She attempted a teary yet appreciative smile and turned her gaze back to the wall as fresh tears trailed down her cheek.
“We need to go,” he said after a few minutes of silence, but Emri didn’t even acknowledge his words. He was just about to say them again when screams and loud crashes sounded from the levels above. Then his patience vanished like water in the air, quickly replaced with fear and determination.
“Come on, we have to go,” he said as he went to lift her.
She flinched away from him, her face pinching in pain from the action. “Just go, someone will be down shortly … they’ll treat me then if they see fit.”

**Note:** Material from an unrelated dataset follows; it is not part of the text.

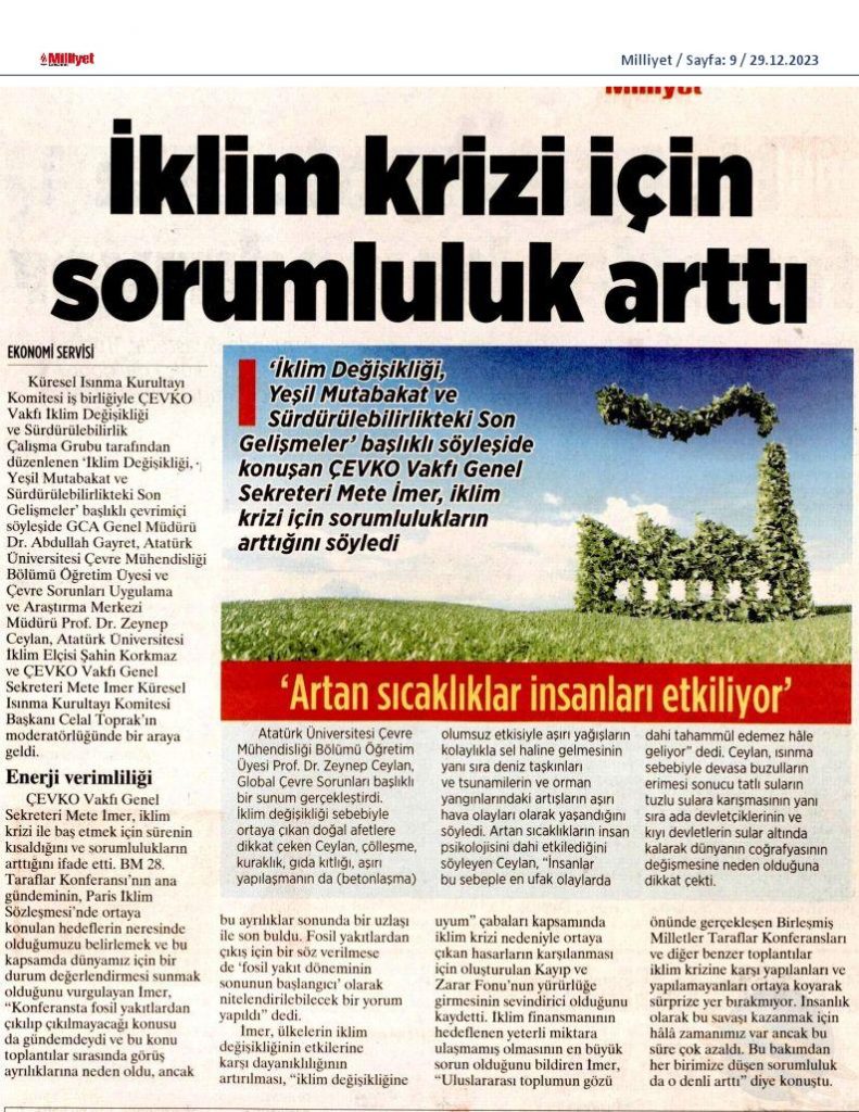 2023 yılının son ÇEVKO Vakfı Söyleşisi’nde COP28 Konferansı gündemdeydi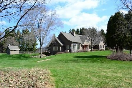 Truly amazing property nestled on 20 secluded acres abutting 30 acres of conservancy. The pleasures of privacy, nature, walking trails & wildlife right outside your back door. Private drive leads to incredible 2-story home with expansive windows throughout. Sunroom, cathedral Great Room & updated kitchen. Home has been meticulously maintained & offers many updates. Property has 2 ponds, patio, in ground pool, 3.5 car garage, detached garage with loft & finish lower level.

Every nerve in Anders’s body zinged with caution. They had to move and move quickly if they, or anyone else, were to survive this. Agitated, he said, “Damn it, Dyer! Kali is alive—she’s here in the Realms. Maybe here as we speak.”
That seemed to have jolted Emri from her stupor. Her gaze cleared and body tensed as she watched him carefully.
“She’s alive and I have to get you out of here!” He paused and allowed the room to go still. Loud noises could still be heard above them. “D’ya here that?!” he asked with a frenzied look in his eyes, his hands sifting nervously through his long tied back hair. “She’s unleashed hundreds of men into our Realm … the White as well. We have to regroup and stop her at all costs, before she destroys everything!”
“And what do you expect me to do?” she asked, tiredness seeping from her words. “What even can I do now?” She motioned to her body, wrought with debilitating injuries.
“Well, first things first, we need to get you healed up, get these wounds treated. Then, well … the plan kinda falls apart there.”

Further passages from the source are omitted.